What you return must match the entries word for word, minus the pictures.

Stored items from a collection
*** Begin section ***
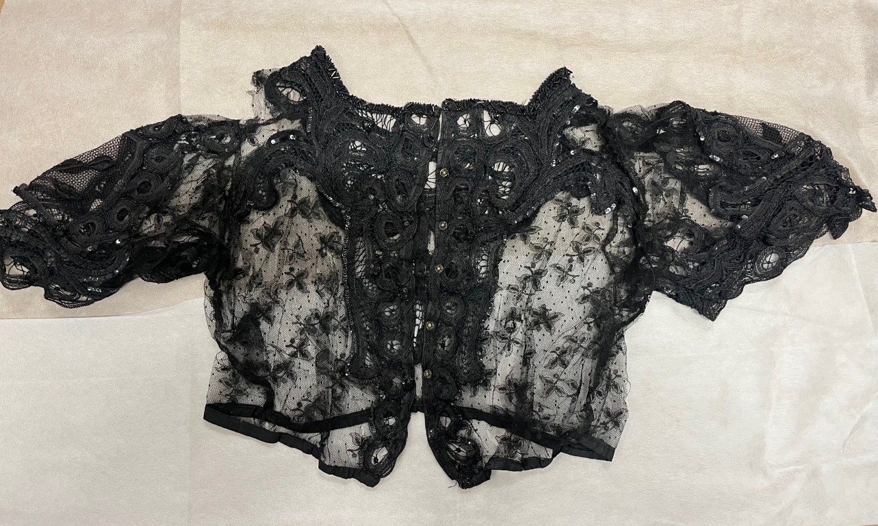 - Zadanie obejmuje konserwację tkaniny typu „Buczacz” pochodzącej z manufaktury rodziny Potockich w Buczaczu z końca XIX wieku oraz elementów stroju dworskiego z XIX wieku. Jest nim damski trzyczęściowy strój reprezentacyjny złożony z bluzki, bolerka i spódnicy z końca XIX wieku, reprezentujący modę i styl życia ziemiańskiego. Wykonany jest z delikatnych tkanin z elementami dekoracyjnymi – wylicza dr Wioletta Brzezińska- Marjanowska, kierownik Działu Zbiorów Muzealnych w Muzeum Wsi Kieleckiej.
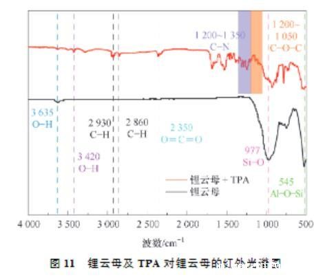 (2)接触角试验表明,同等条件下,TPA作用锂云母的接触角总是大于DDA,展现了TPA更强的疏水性。Zeta电位测试结果表明,TPA及DDA在锂云母表面的吸附为静电吸附,并且碳链更长的TPA由于疏水效应吸附性更好,进一步证明了TPA的强疏水性。FTIR及XPS进一步证实了TPA吸附在锂云母表面。
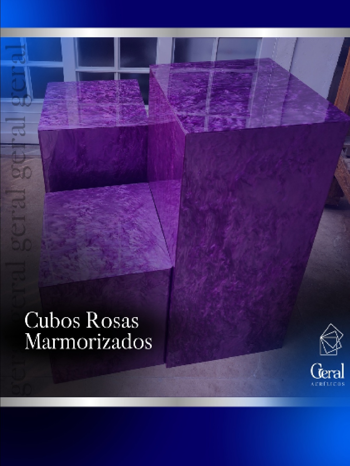 Trio de Cubos Rosa Marmorizados em 3mm ou 4mm
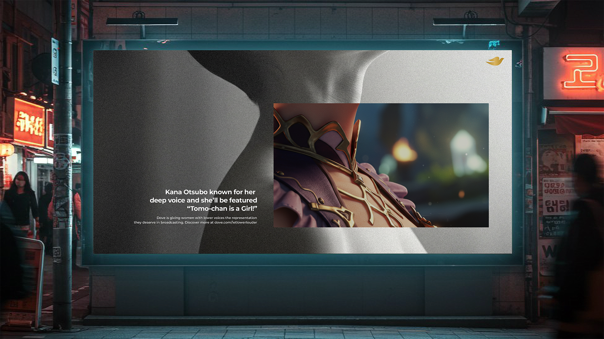 To challenge this bias, Dove partnered with TV Asahi to have sponsors introduced not by high voices, but by women with lower voices—showing the beauty and value of low female voices across various fields. “Let Lower Louder” — so their voices can be heard, and truly resonate.
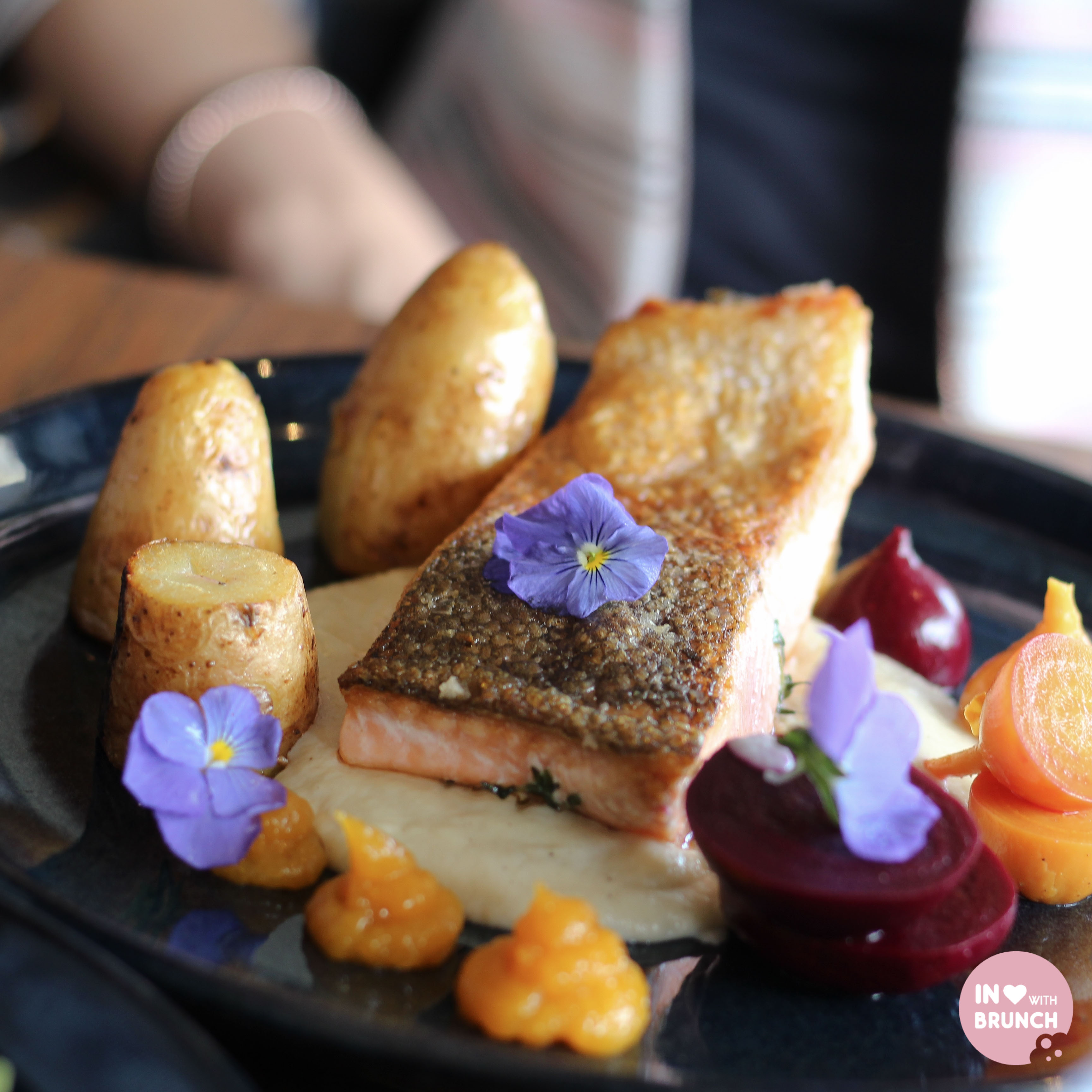 crispy-skinned ocean trout served with cauliflower puree, grilled kipfler potatoes, pickled baby beets and house made apricot conserve
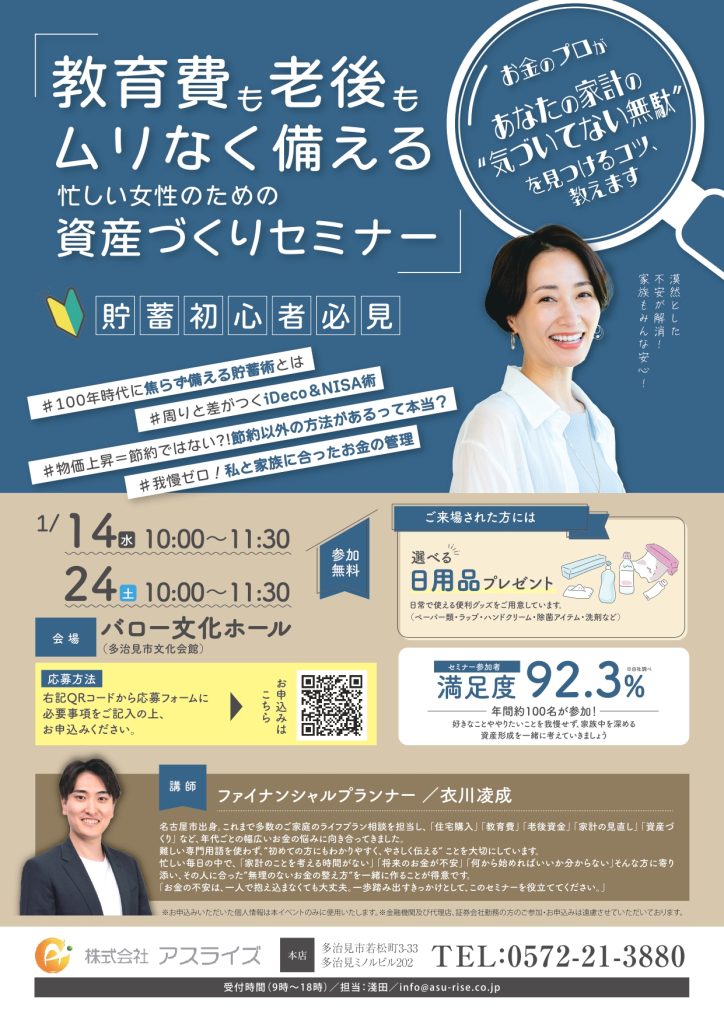 アスライズでは2026年1月に、”教育費も老後もムリなく備える忙しい女性のための資産づくりセミナー”を開催します。
*** End section ***
EXERCISE RESULT:
 - Zadanie obejmuje konserwację tkaniny typu „Buczacz” pochodzącej z manufaktury rodziny Potockich w Buczaczu z końca XIX wieku oraz elementów stroju dworskiego z XIX wieku. Jest nim damski trzyczęściowy strój reprezentacyjny złożony z bluzki, bolerka i spódnicy z końca XIX wieku, reprezentujący modę i styl życia ziemiańskiego. Wykonany jest z delikatnych tkanin z elementami dekoracyjnymi – wylicza dr Wioletta Brzezińska- Marjanowska, kierownik Działu Zbiorów Muzealnych w Muzeum Wsi Kieleckiej.
 (2)接触角试验表明,同等条件下,TPA作用锂云母的接触角总是大于DDA,展现了TPA更强的疏水性。Zeta电位测试结果表明,TPA及DDA在锂云母表面的吸附为静电吸附,并且碳链更长的TPA由于疏水效应吸附性更好,进一步证明了TPA的强疏水性。FTIR及XPS进一步证实了TPA吸附在锂云母表面。
 Trio de Cubos Rosa Marmorizados em 3mm ou 4mm
 To challenge this bias, Dove partnered with TV Asahi to have sponsors introduced not by high voices, but by women with lower voices—showing the beauty and value of low female voices across various fields. “Let Lower Louder” — so their voices can be heard, and truly resonate.
 crispy-skinned ocean trout served with cauliflower puree, grilled kipfler potatoes, pickled baby beets and house made apricot conserve
 アスライズでは2026年1月に、”教育費も老後もムリなく備える忙しい女性のための資産づくりセミナー”を開催します。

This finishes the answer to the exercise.